Ее брат очень ждал Дыббакса, но даже не успел огорчиться, что тот не пришел. Джон позабыл буквально обо всем, едва на пороге появилась Агата Дэнион. Эта девочка была воплощенной мечтой! Будь ему дарованы три желания, он потратил бы все три на то, чтобы создать это чудо. Остальные двое гостей, Джонатан Манней и Ума Каруна Айер, были постарше Джона с Филиппой, у них было побольше джинн-опыта, да и холод они, похоже, переносили куда легче. Подали традиционный праздничный джинн-обед: креветки в самбуке, бифштекс с перцем, блинчики со сладким апельсиновым соусом и, разумеется, пирог со свечками. За столом все гости рассказывали близнецам о себе и о том, каким именно образом каждый из них намерен помогать человечеству.

— Я собираюсь стать консультантом для тех, кто загадывает желания, — сказала Агата. — Чтобы бедные мундусяне не тратили три желания впустую. Согласно Багдадским законам, сам джинн, который будет выполнять желания, не имеет права давать людям советы. Поэтому любой добрый джинн наверняка даст мою визитную карточку тому человеку, которому он даровал желания. Ведь ему самому будет приятно, если этот мундусянин пожелает в итоге что-нибудь достойное, да и совесть его будет чиста. Поскольку совершенно ужасно, когда ты обязан выполнять всякие вредные или злобные желания.
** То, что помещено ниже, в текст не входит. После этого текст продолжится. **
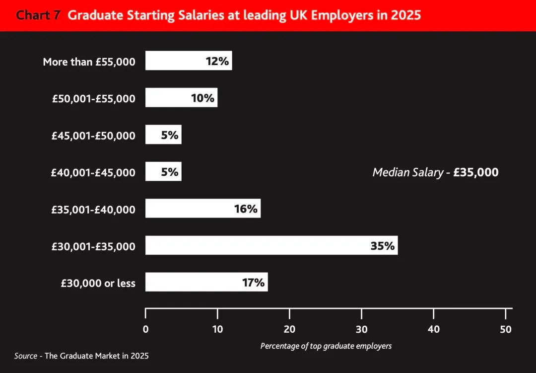 2025年,毕业生的起薪中位数达到35,000英镑,较2024年上涨1,000英镑,其中,有12%的顶级雇主提供超过55,000英镑的高起薪。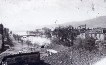 Панорама на дел од Струга во 1935 година со Дримот и Железничкиот мост и новото основно училиште, напред. ...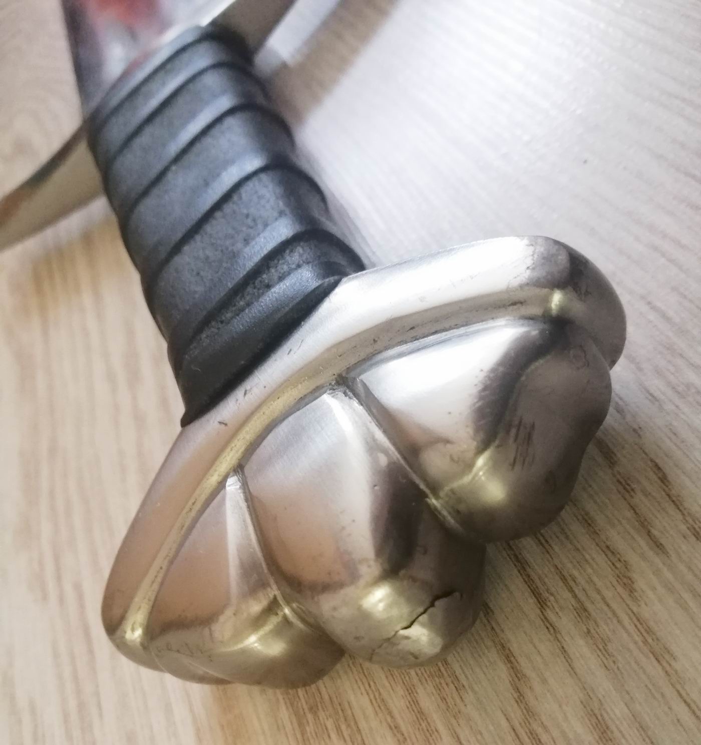 Der Knauf ist mit der Angel vernietet. Die Griffumwicklung aus Leder fühlt sich an wie Gummi. Charakteristisch für die mehr funktionale als Scheide aus dickem Leder ist die Trageschlaufe am oberen Beschlag und das stumpfe Ortblech.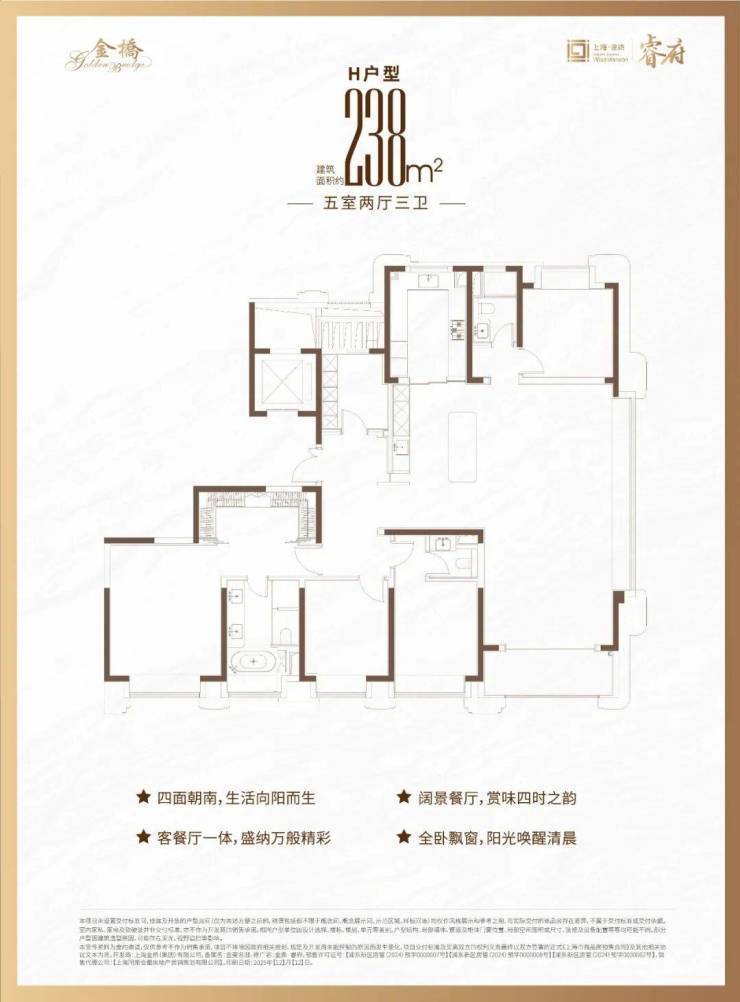 约238㎡五房:顶层大平层,南北通透,全明格局,动静分离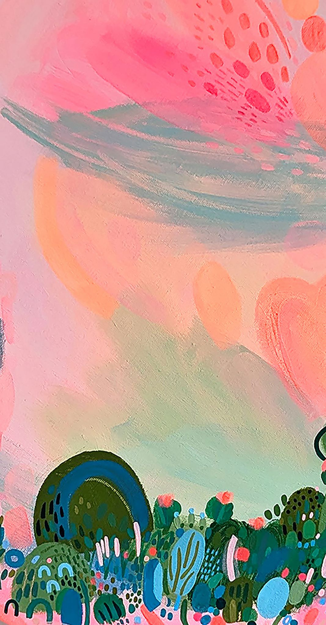 Part of a triptych of paintings, all suggesting imaginary landscapes, incorporating blurry memories of Summer in nature, beautiful views and the hazy heat of the afternoon.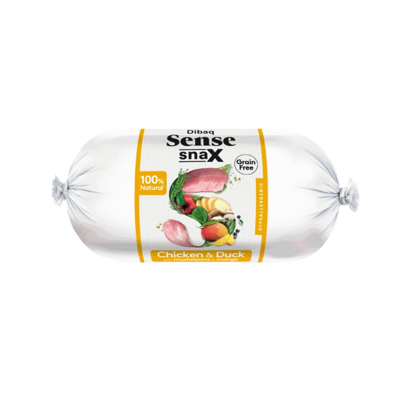 Deliciosos Premios hipoalergénicos 100% naturales de Dibaq Sense. Elaborados con más 74% de carnes frescas, frutas y verduras frescas y protectores articulares. El snax natural más jugoso con ese aporte extra para las articulaciones de la mascota.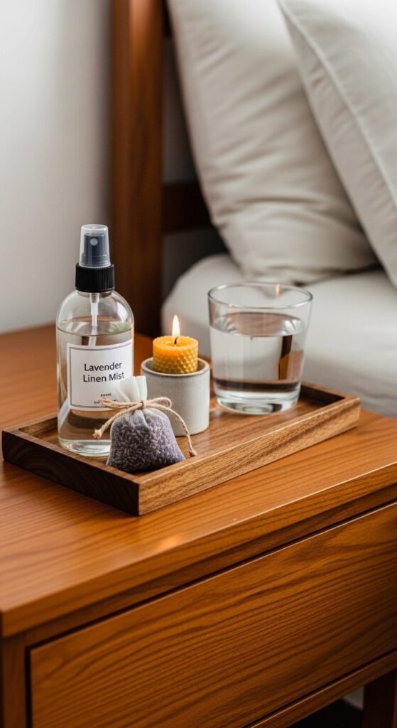 - A lavender linen spray applied to pillowcases 30 minutes before bed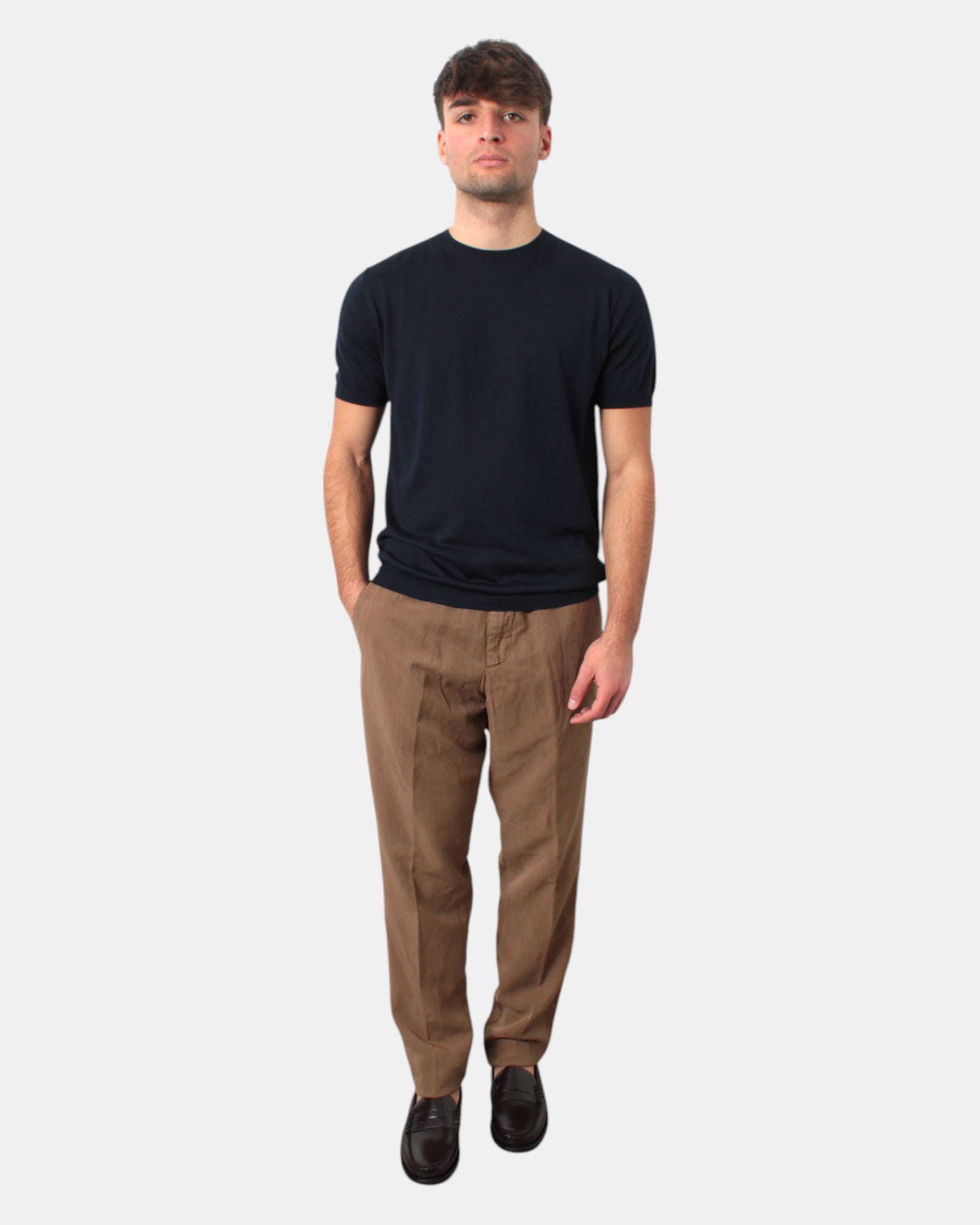 PANTALONE CON COULISSE WHITE SAND IN MISTO LINO - 48 MARRONE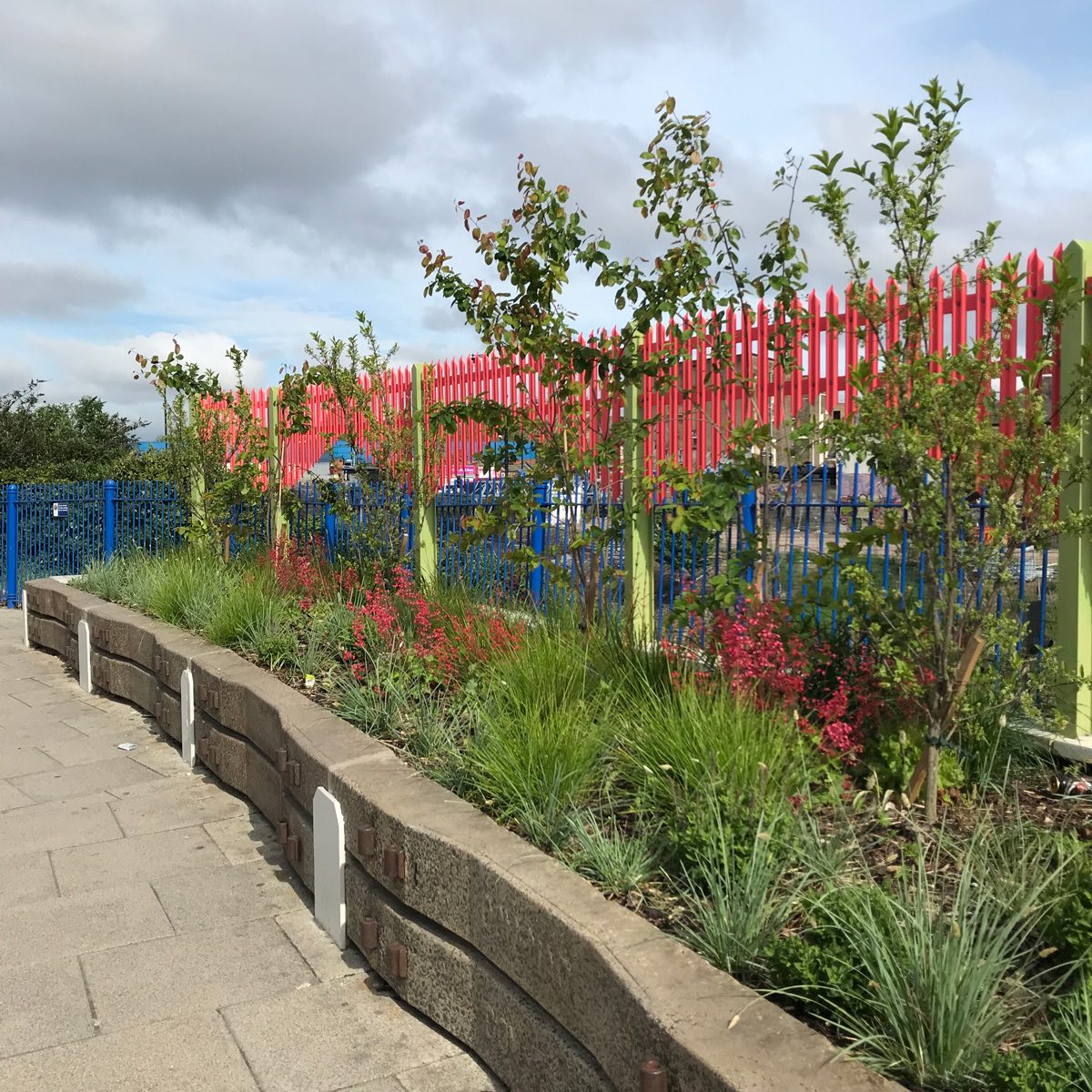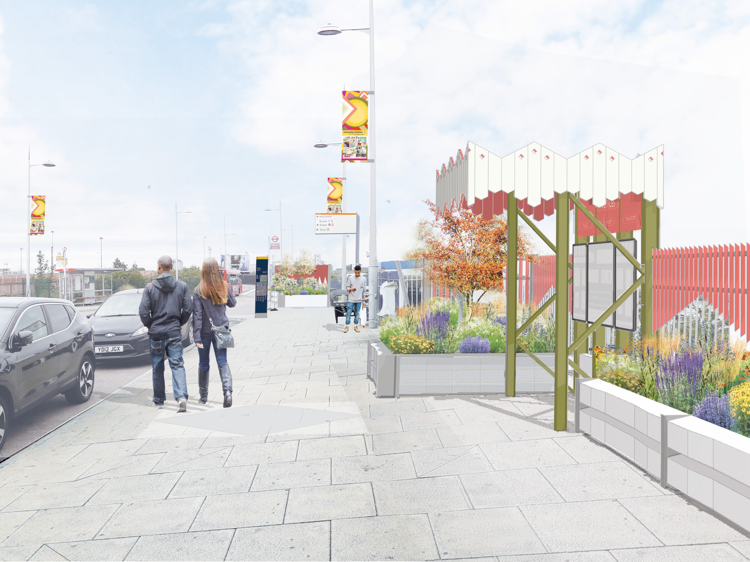 The interventions include placing new raised planters, utilising reclaimed concrete railway sleepers, along the main approach road to the ticket office. Banners have been installed on lighting columns, designed by local arts organisation Abundance Arts and featuring the work of young people from the area. The designs for the public realm were developed through workshops with young people at a local College and community engagement events. Outside the ticket office entrance, a new canopy and community noticeboards have been delivered. New planters in the square to the upper-level ticket office and existing planters on the platforms that are tended to by a local community gardening group.

Джон был готов заранее подписаться под любым словом Агаты. Однако в данном случае она и вправду предлагала вполне дельную вещь. Сам Джон выполнил пока не так уж много людских желаний, но зато он отлично помнил собственный неподдельный ужас, когда ему пришлось превратить Финлея Макриби в сокола.

Филиппа с улыбкой наблюдала за братом. Она одобряла его увлечение Агатой, но хотела — для его же блага, — чтобы его чувства были чуть менее очевидны. Сама она считала, что никакой консультант по желаниям не будет нужен, если в школах людей обучат грамоте, как положено. Дело-то нехитрое: надо просто говорить именно то, что имеешь в виду. Но Филиппа решила оставить эти соображения при себе, чтобы не обижать гостью.

Джонатан Манней сказал, что всецело разделяет принципы Агаты и именно поэтому решил стать психиатром.

— Я полагаю, что способен выслушивать людские проблемы, — сказал он. — А затем улаживать их с помощью джинн-силы. Анонимно. Ну, приходит кто-то ко мне на прием, допустим, с депрессией, а я потом, потихоньку, что-нибудь сделаю, чтобы его ободрить.